**ACTIVITY**
The answer is the line containing "This bingo card" plus every line after it to the end of the material, retyped exactly and without the pictures.

**SOURCE MATERIAL**
"""
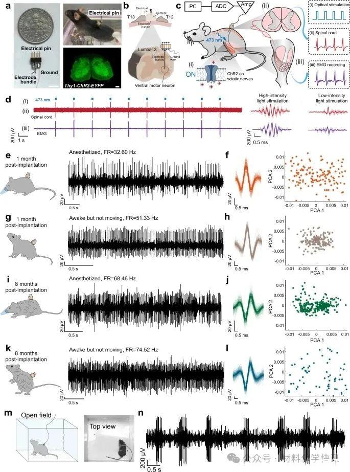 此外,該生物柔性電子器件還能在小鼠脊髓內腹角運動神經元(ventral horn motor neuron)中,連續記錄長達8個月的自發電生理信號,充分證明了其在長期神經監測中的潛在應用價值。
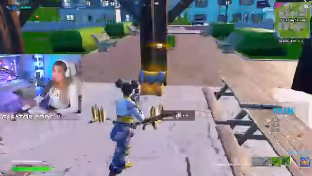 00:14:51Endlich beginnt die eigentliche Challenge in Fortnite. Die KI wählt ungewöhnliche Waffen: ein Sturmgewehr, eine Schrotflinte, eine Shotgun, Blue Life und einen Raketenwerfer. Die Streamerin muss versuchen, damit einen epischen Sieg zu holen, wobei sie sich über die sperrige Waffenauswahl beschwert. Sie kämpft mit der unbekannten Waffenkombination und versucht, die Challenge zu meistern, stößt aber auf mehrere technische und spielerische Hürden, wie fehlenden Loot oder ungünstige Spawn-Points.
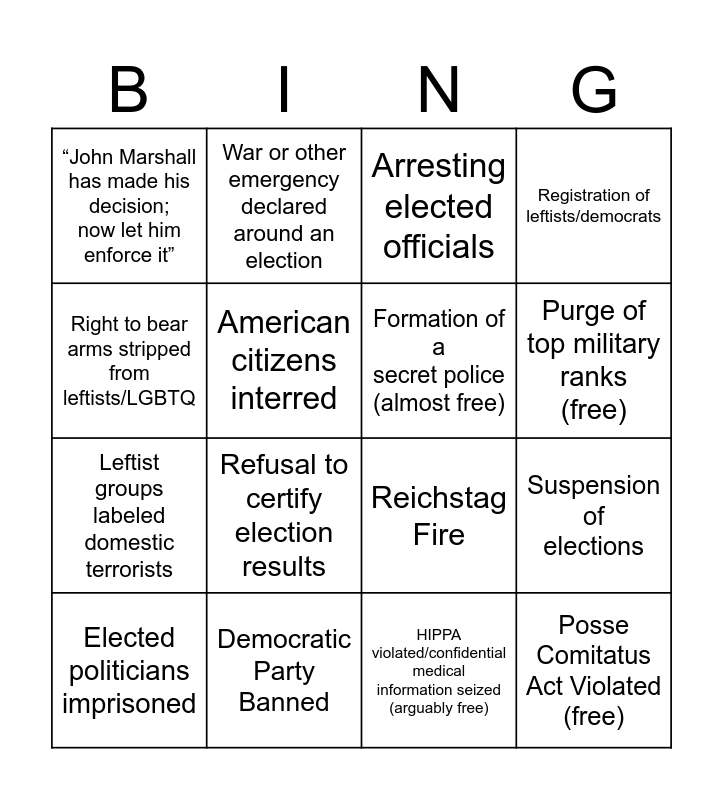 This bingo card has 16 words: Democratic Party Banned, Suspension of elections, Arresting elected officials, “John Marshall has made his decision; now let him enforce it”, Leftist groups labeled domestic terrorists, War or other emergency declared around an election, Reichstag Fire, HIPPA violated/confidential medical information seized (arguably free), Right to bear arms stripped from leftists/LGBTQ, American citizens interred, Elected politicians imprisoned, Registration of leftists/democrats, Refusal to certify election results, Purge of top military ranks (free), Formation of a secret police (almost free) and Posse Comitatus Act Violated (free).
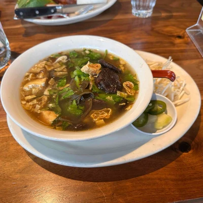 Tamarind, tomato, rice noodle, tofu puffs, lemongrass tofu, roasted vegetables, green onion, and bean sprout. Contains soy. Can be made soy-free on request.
"""
**SOLUTION TO THE EXERCISE**
 This bingo card has 16 words: Democratic Party Banned, Suspension of elections, Arresting elected officials, “John Marshall has made his decision; now let him enforce it”, Leftist groups labeled domestic terrorists, War or other emergency declared around an election, Reichstag Fire, HIPPA violated/confidential medical information seized (arguably free), Right to bear arms stripped from leftists/LGBTQ, American citizens interred, Elected politicians imprisoned, Registration of leftists/democrats, Refusal to certify election results, Purge of top military ranks (free), Formation of a secret police (almost free) and Posse Comitatus Act Violated (free).
 Tamarind, tomato, rice noodle, tofu puffs, lemongrass tofu, roasted vegetables, green onion, and bean sprout. Contains soy. Can be made soy-free on request.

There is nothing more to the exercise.